◆ **Data for this task**

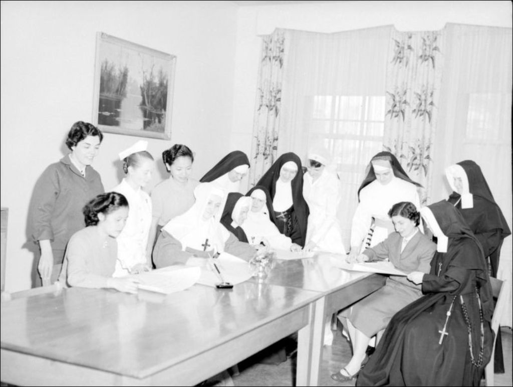 - À l'occasion d'une exposition qui se déroule à l'Hôpital Sainte-Justine, les religieuses de la congrégation des Soeurs grises travaillent à l'Université de Montréal. Nous assistons à un cours sur l'appareil circulatoire (E6,S7,SS1,P205582). Les religieuses sont en compagnie des étudiantes à la bibliothèque (E6,S7,SS1,P205580 et E6,S7,SS1,P205585) et au laboratoire (E6,S7,SS1,P205583 et E6,S7,SS1,P205591). Des patients reçoivent des soins (E6,S7,SS1,P205584, E6,S7,SS1,P205587, E6,S7,SS1,P205588 et E6,S7,SS1,P205590). Dossier produit pour M. Deléan, ministère de la Santé
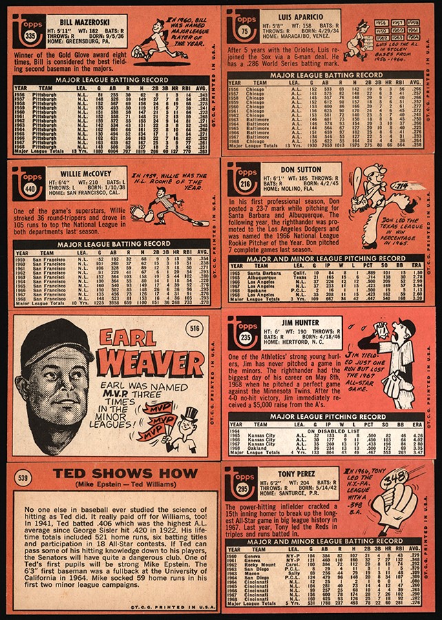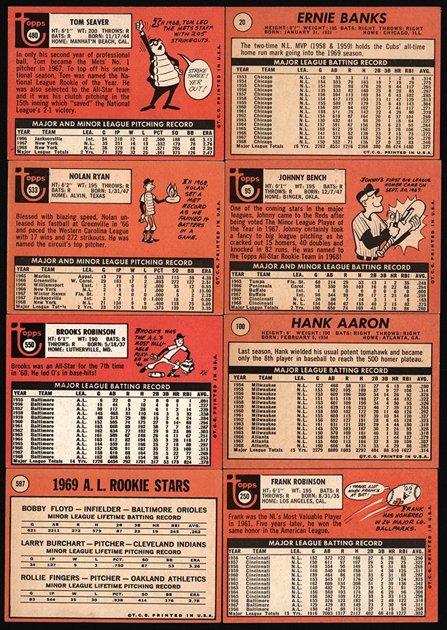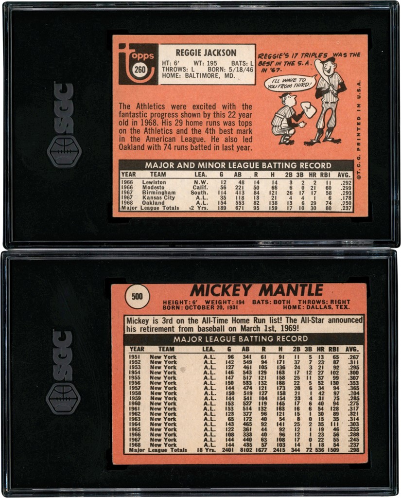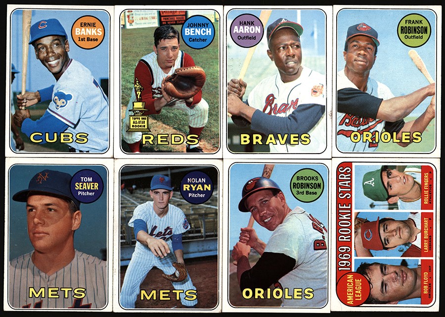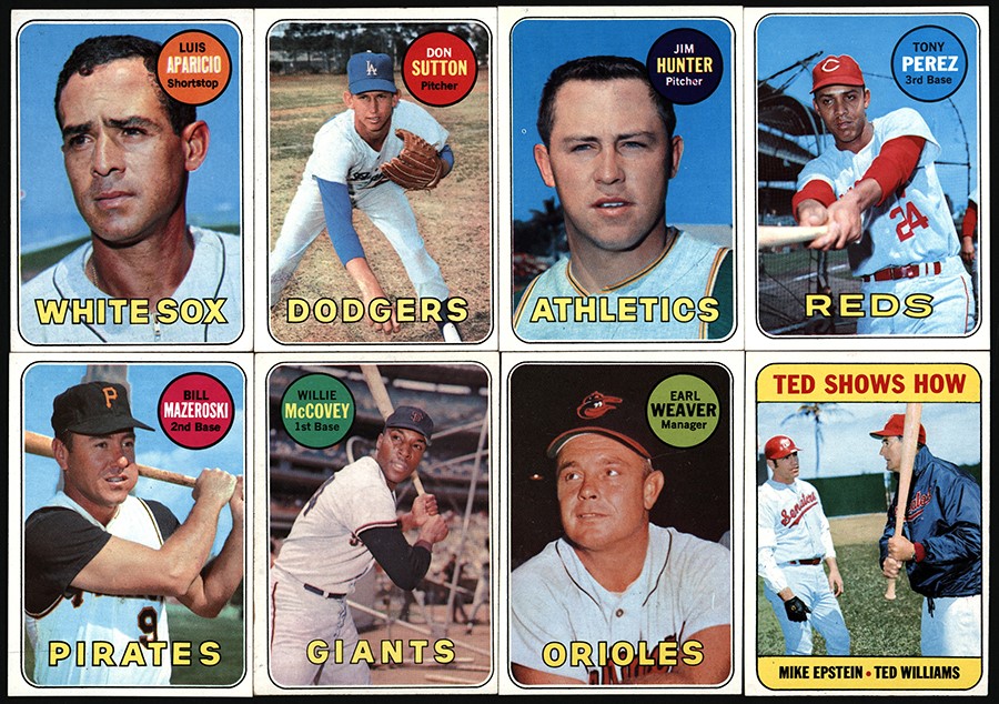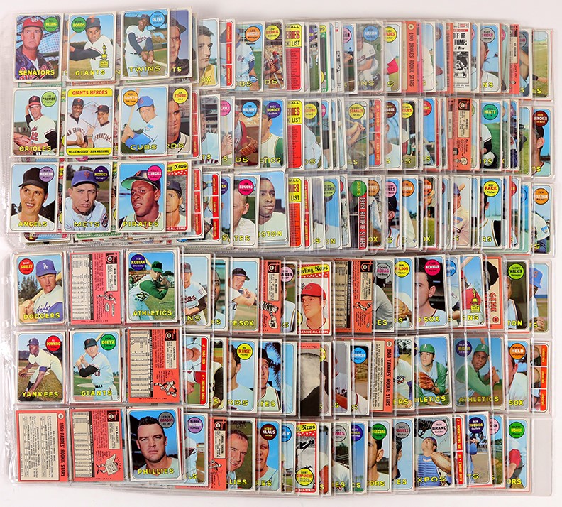 1969 Topps Baseball complete set of (664) cards.  (2) cards have been graded and encapsulated by SGC with: #260 R Jackson (R) EX 5 and #500 Mantle GD 2.  Ungraded highlights include: #2 VG; #130 Yastrzemski GD; #147 Durocher VG-EX; #175 Bunning VG-EX; #190 Mays 0 Banks EX; #24 Alston EX-MT; #35 Morgan EX (MC); #50 Clemente GD-VG; #75 Aparicio EX; #85 Brock GD; #95 Bench VG-EX; #99 Nettles (R) VG; #100 Aaron VG-EX; #120 Rose; #130 Yastrzemski GD; #147 Durocher VG-EX; #175 Bunning VG-EX; #190 Mays VG; #200 Gibson VG-EX; #216 Sutton EX; #235 Hunter EX; #237 Cox (R) VG; #250 F Robinson EX; #255 Carlton VG; #290 Kaat VG; #295 Perez EX; #311 Lyle (R) VG-EX; #335 Mazeroski EX; #255 Niekro VG-EX (MC); #370 Marichal VG-EX; #375 Killebrew VG; #385 Cepeda VG-EX; #400 Drysdale VG; #410 Kaline VG-EX (MC); #412 Checklist-Mantle VG; #416 McCovey AS VG-EX; #419 Carew AS EX (MC); #420 Santo AS VG-EX; #421 B Robinson AS VG-EX; #424 Rose AS VG-EX; #425 Yastrzemski AS VG-EX; #427 Oliva AS EX; #428 Brock AS VG-EX; #430 Bench AS VG; #432 Gibson AS VG; #440 McCovey VG-EX; #450 B Williams EX (OC); #460 Torre VG; #462 Schoendienst VG-EX; #480 Seaver VG-EX; #485 G Perry VG; #510 Carew EX (MC); #516 Weaver (R) EX-MT; #527 Lopez EX; #533 Ryan GD; #539 Ted Shows How EX; #545 Stargell VG; #550 B Robinson EX; #564 Hodges EX; #565 Wilhelm VG-EX; #570 Santo GD; #572 Giant Heroes VG-EX; #573 Palmer VG-EX; #597 Fingers (R) VG-EX; #600 Oliva VG-EX; #630 Bonds (R) VG; #640 Jenkins EX; #650 T Williams VG-EX.  Overall condition breakdown is 10% GD; 30% VG; 40% VG-EX; 20% EX.
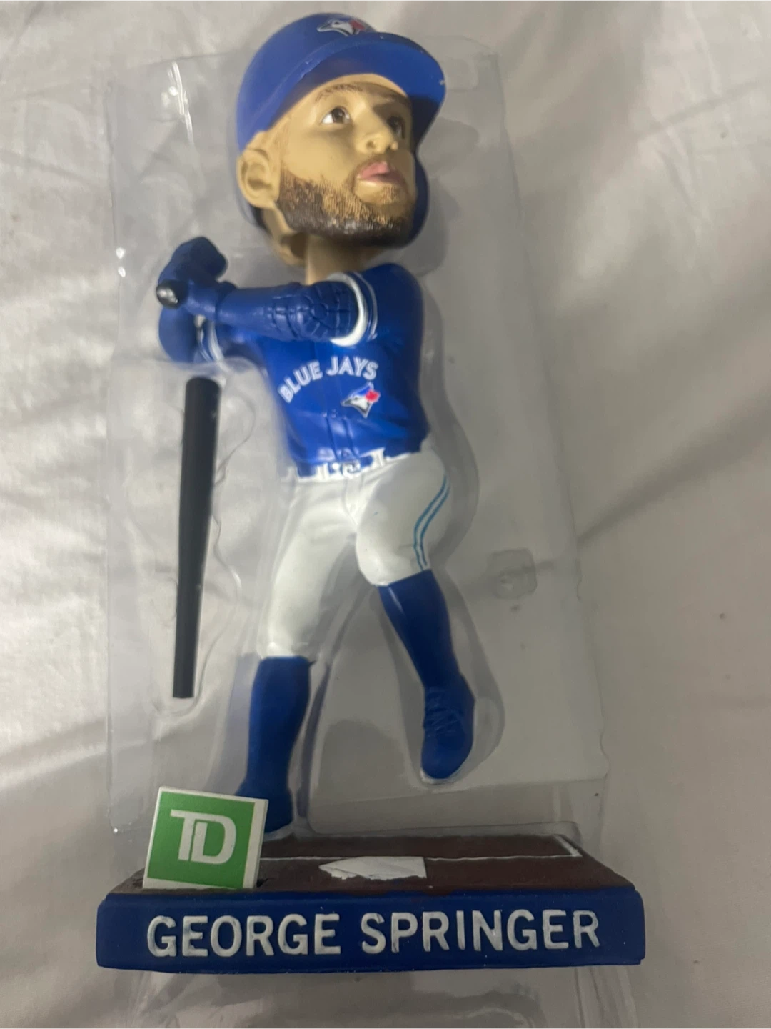 Selling a George Springer bobblehead in his Blue Jays uniform! It's still in its original packaging. Perfect for any Blue Jays fan or bobblehead collector!
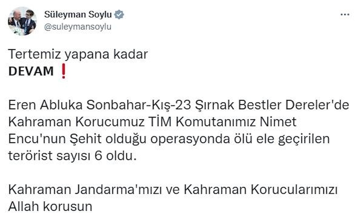 "Tertemiz yapana kadar devam. Eren Abluka Sonbahar-Kış-23 Şırnak Bestler Dereler'de Kahraman Korucumuz TİM Komutanımız Nimet Encu'nun Şehit olduğu operasyonda ölü ele geçirilen terörist sayısı 6 oldu. Kahraman Jandarma'mızı ve Kahraman Korucularımızı Allah korusun"
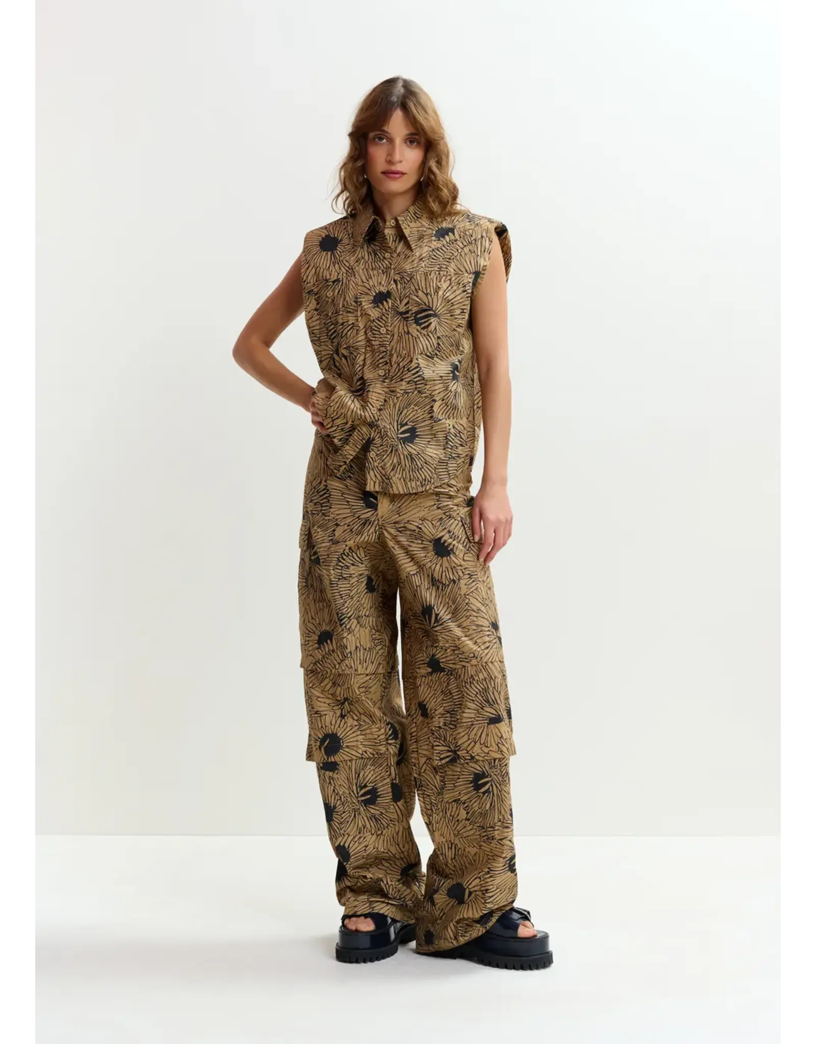 Overhemd vervaardigd van een licht gekreukte katoenmix, ontworpen in een oversized pasvorm zonder mouwen met gestructureerde schouders. De knoopsluiting op de voorzijde wordt vergezeld door twee borstzakken met knopen.
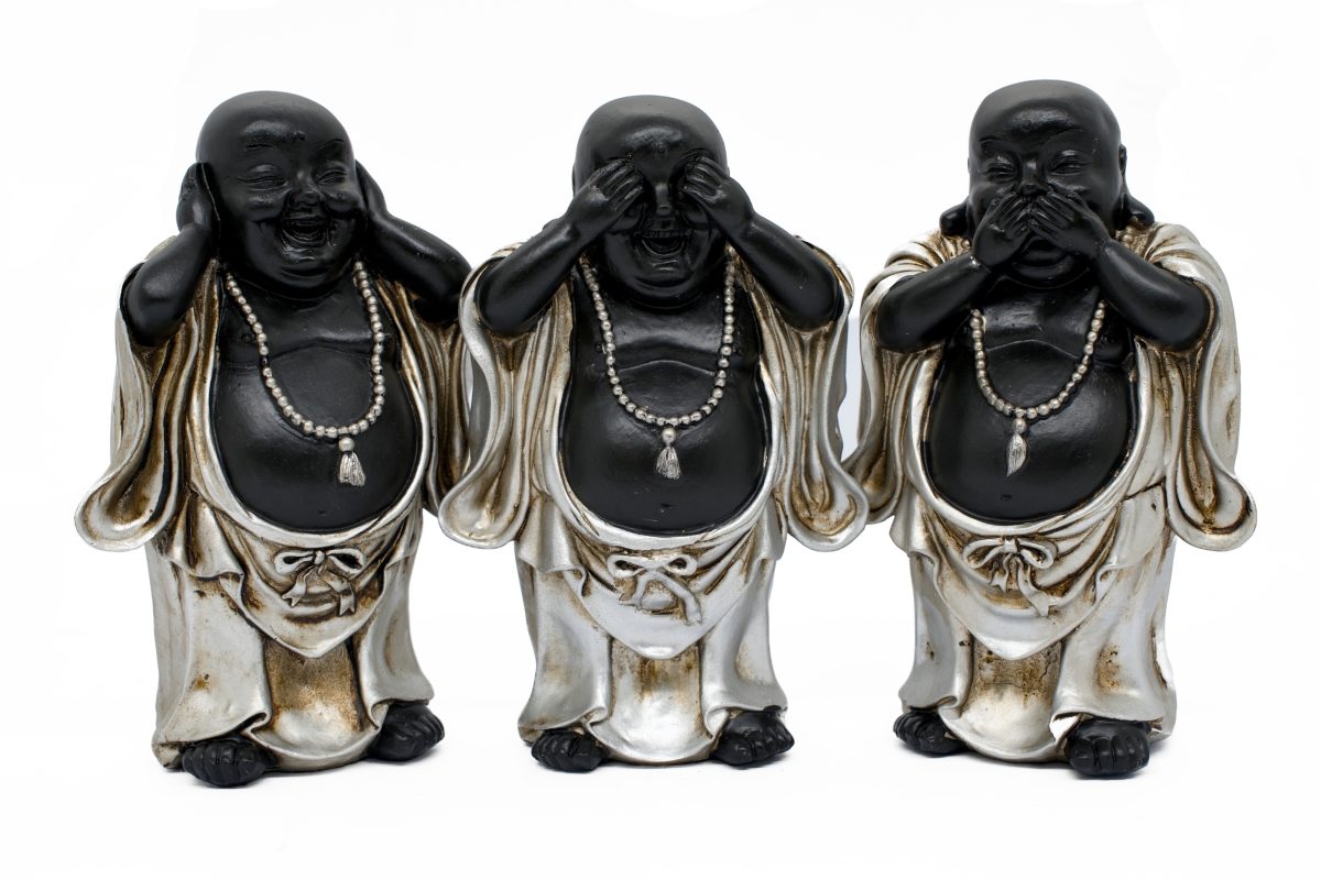 Design: Drie staande lachende Boeddha’s in Hoor Geen Kwaad, Zie Geen Kwaad, Spreek Geen Kwaad poses
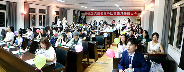 大会表彰了一批优秀志愿者。同学们通过观看PPT共同回顾了“爱出发”志愿者服务队的发展历程。
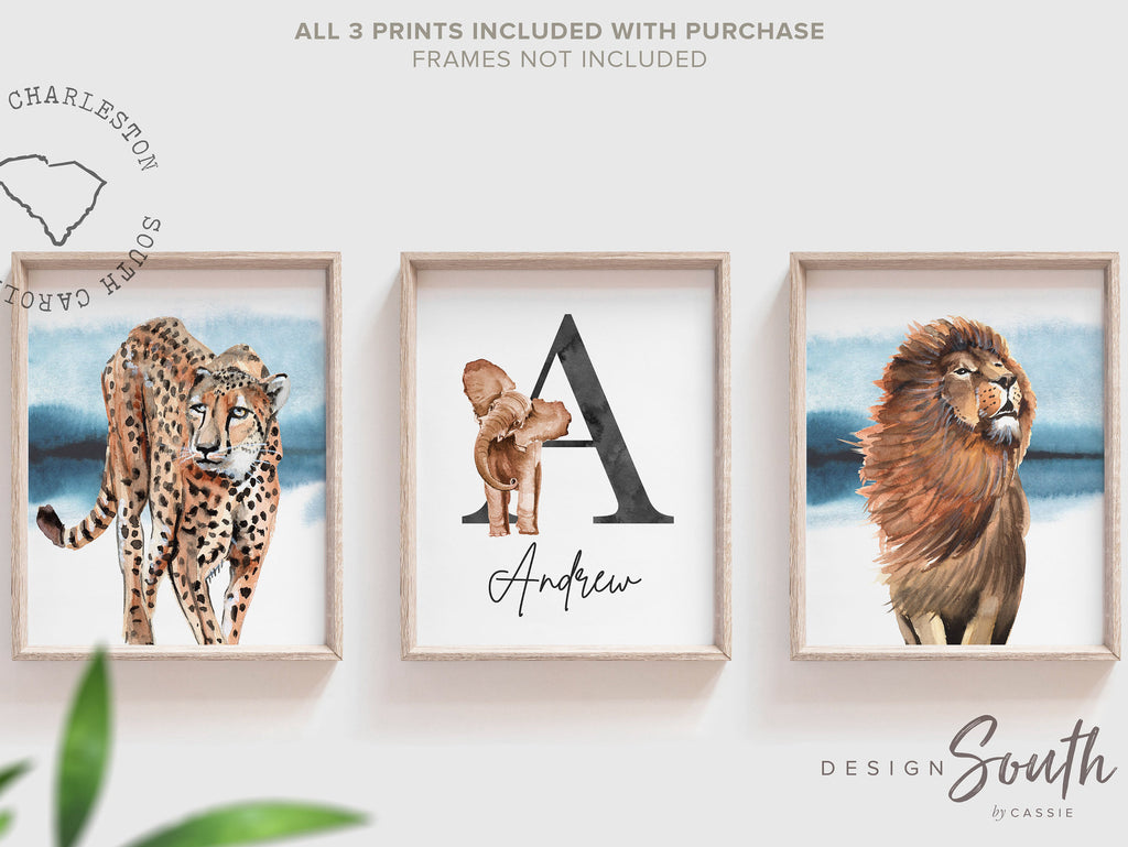 Boys name safari animal print set, lion elephant bold modern nursery, personalized big boy bedroom, little boys room animal kingdom, indigo
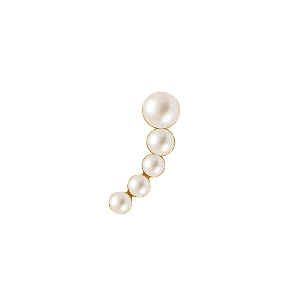 Single LUNA earring in sterling silver with white freshwater pearls in sizes 5 mm, 4 mm and 3 x 3 mm.

◆ **Problem requirements**
With pictures omitted, restate word for word every line above from the one containing "大会表彰了一批优秀志愿者。同" to the end of the entries.

◆ **Written solution**
 大会表彰了一批优秀志愿者。同学们通过观看PPT共同回顾了“爱出发”志愿者服务队的发展历程。
 Boys name safari animal print set, lion elephant bold modern nursery, personalized big boy bedroom, little boys room animal kingdom, indigo
 Single LUNA earring in sterling silver with white freshwater pearls in sizes 5 mm, 4 mm and 3 x 3 mm.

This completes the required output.